WORK INSTRUCTION :: Make an exact copy of the data below, leaving out every picture.

DATA SEGMENT ::
****

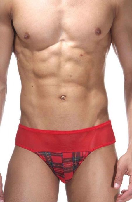 Мужские трусы-тонги, верх у которых сделан из тонкой полупрозрачной ткани, а низ из более плотной ткани в клетку.
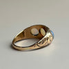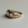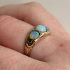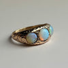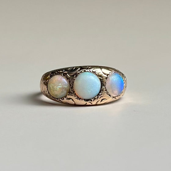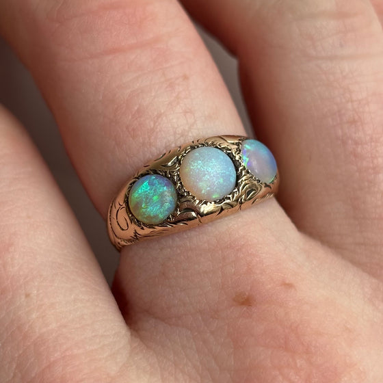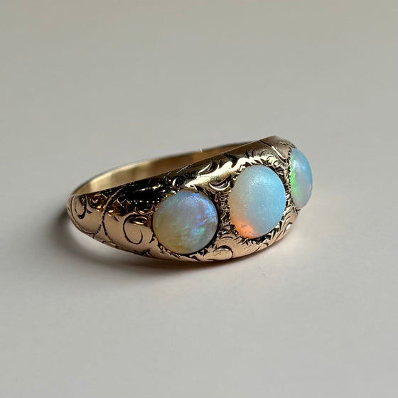 A 14k yellow gold Victorian opal ring. Three round opals with fire-y blue hues set into a band adorned with detail. This piece is currently a size 6.75, but can be adjusted to finger size.
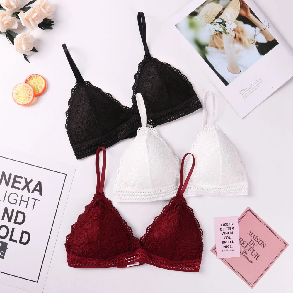 נשים תחרה חזייה לא פלדת טבעת יופי חזרה עטוף חזה נוח דייזי חזייה למתוח משולש כוס מרופד תחתוני 1/2Pcs
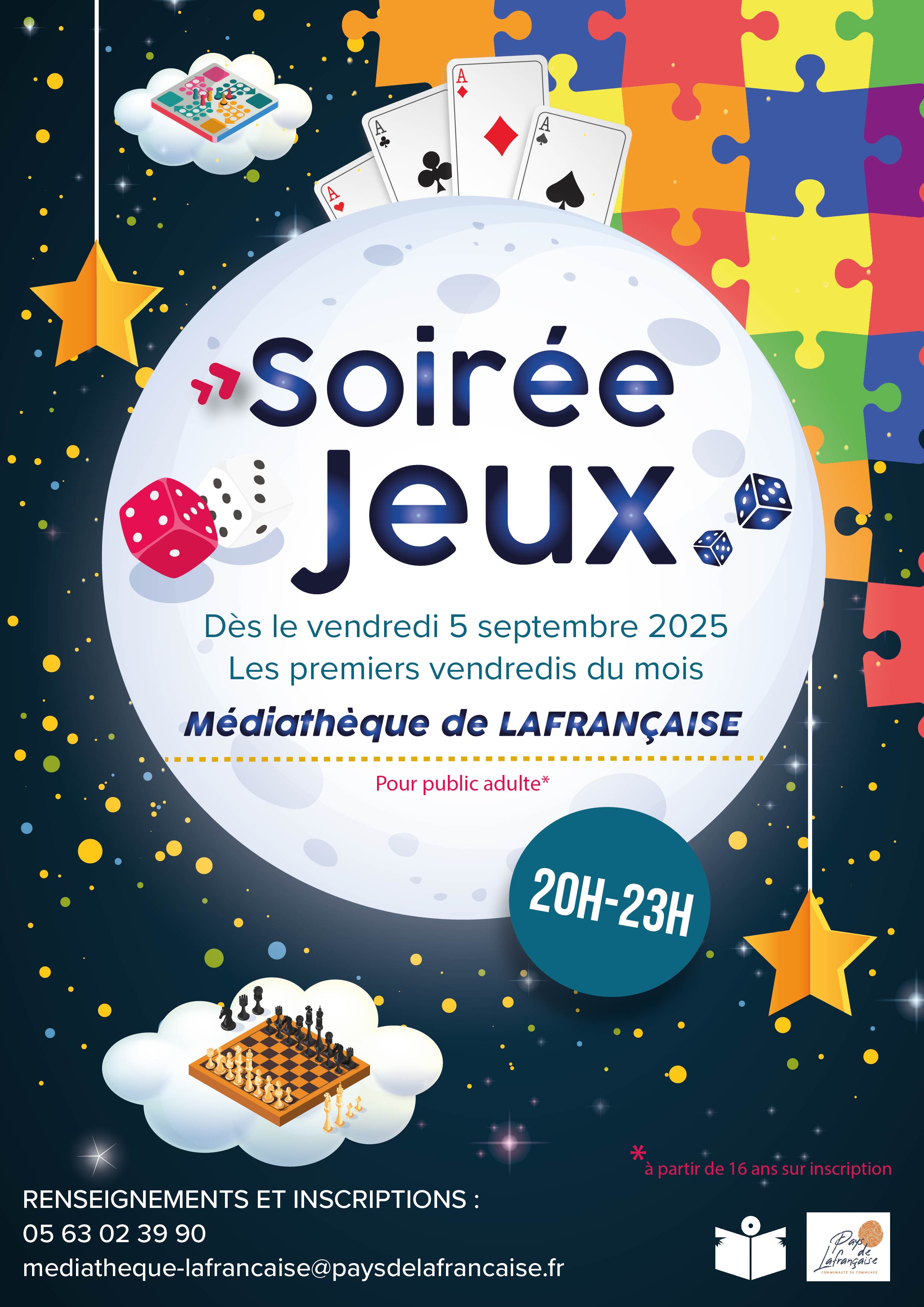 The Social Center and the Cultural Center of the Pays de Lafrançaise offer you game nights for over 16 years. Every first Friday of the month, participate in the Game Night for those over 16 years old!

****

FINISHED EXERCISE ::
 Мужские трусы-тонги, верх у которых сделан из тонкой полупрозрачной ткани, а низ из более плотной ткани в клетку.
 A 14k yellow gold Victorian opal ring. Three round opals with fire-y blue hues set into a band adorned with detail. This piece is currently a size 6.75, but can be adjusted to finger size.
 נשים תחרה חזייה לא פלדת טבעת יופי חזרה עטוף חזה נוח דייזי חזייה למתוח משולש כוס מרופד תחתוני 1/2Pcs
 The Social Center and the Cultural Center of the Pays de Lafrançaise offer you game nights for over 16 years. Every first Friday of the month, participate in the Game Night for those over 16 years old!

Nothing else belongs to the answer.